What is Change Data Feed (CDF) and How Databricks Helps with Its Implementation

Author:

Date:

8 maja, 2025

Change Data Feed (CDF) in Delta Lake provides an efficient way to track row-level changes to a table over time.

In this article, I walk through how Change Data Feed (CDF) works in Delta Lake on Databricks, when to use it, how to query changes for incremental processing and auditing, and provide implementation examples with ready-to-use code.

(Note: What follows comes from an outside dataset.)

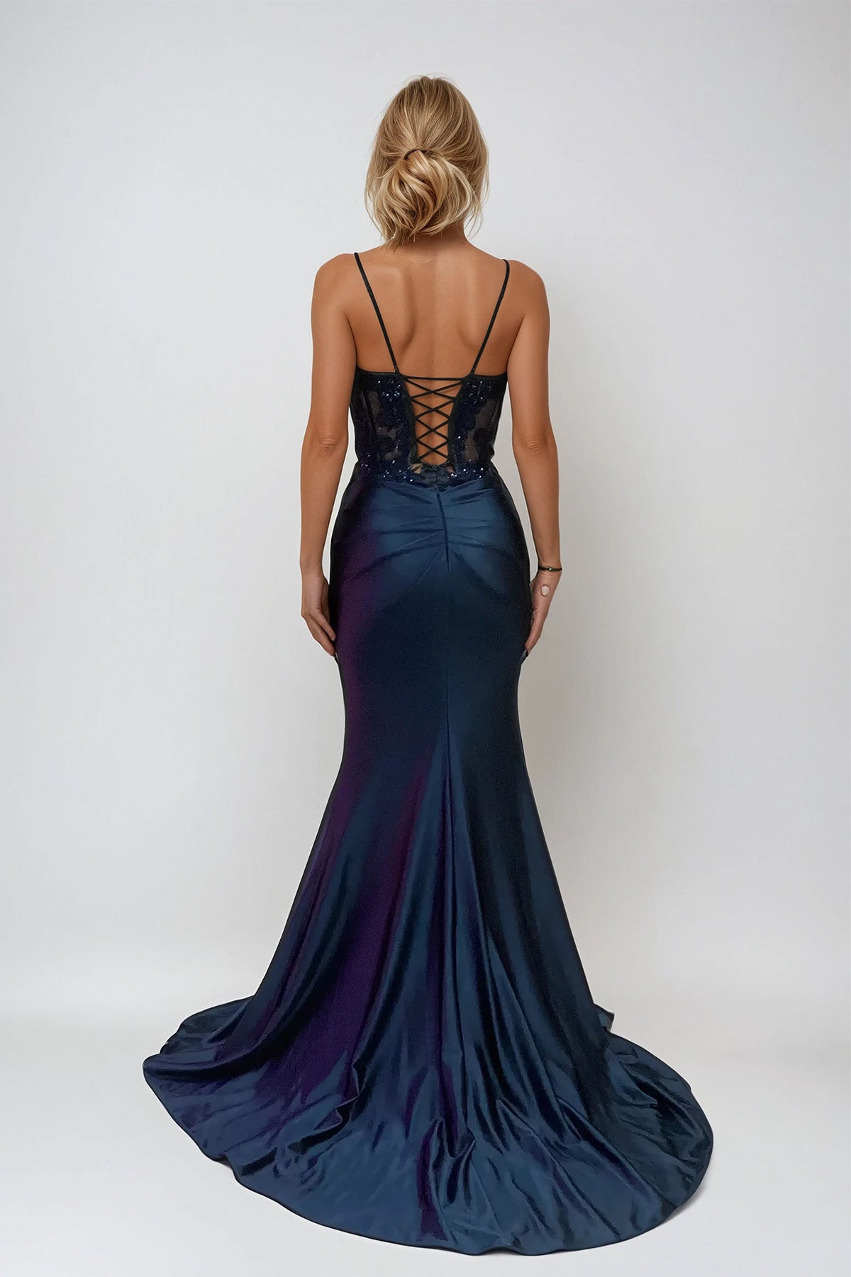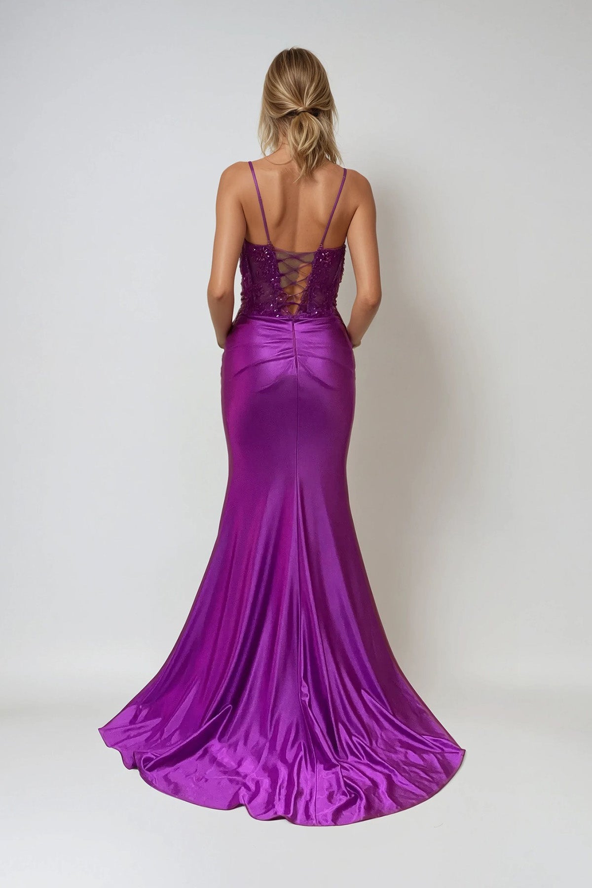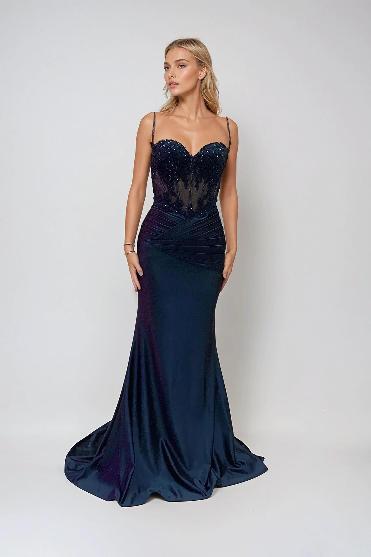 This gown balances finesse with performance. The corset bodice is engineered with precision, contouring the body like a finely tuned chassis, while intricate detailing reflects the focus and craftsmanship behind every winning lap. The smooth skirt flows with controlled momentum, built for a clean line and powerful finish. Designed for those who lead with confidence, this gown delivers elegance driven by purpose, discipline, and unmistakable presence.

What is Change Data Feed (CDF)?

Change Data Feed (CDF) is a native mechanism in Delta Lake that captures fine-grained changes—inserts, updates, and deletes—at the row level directly within your data tables. Unlike traditional methods that focus on the current state of the data, CDF preserves the full history of changes, recording what changed, how it changed, and when the change happened.

In contrast to traditional methods that scan entire tables or compare timestamps (which becomes extremely inefficient at scale), CDF allows systems to efficiently retrieve just the modified rows. For example, rather than comparing two multi-terabyte versions of a table, you can instantly access the handful of rows that were updated.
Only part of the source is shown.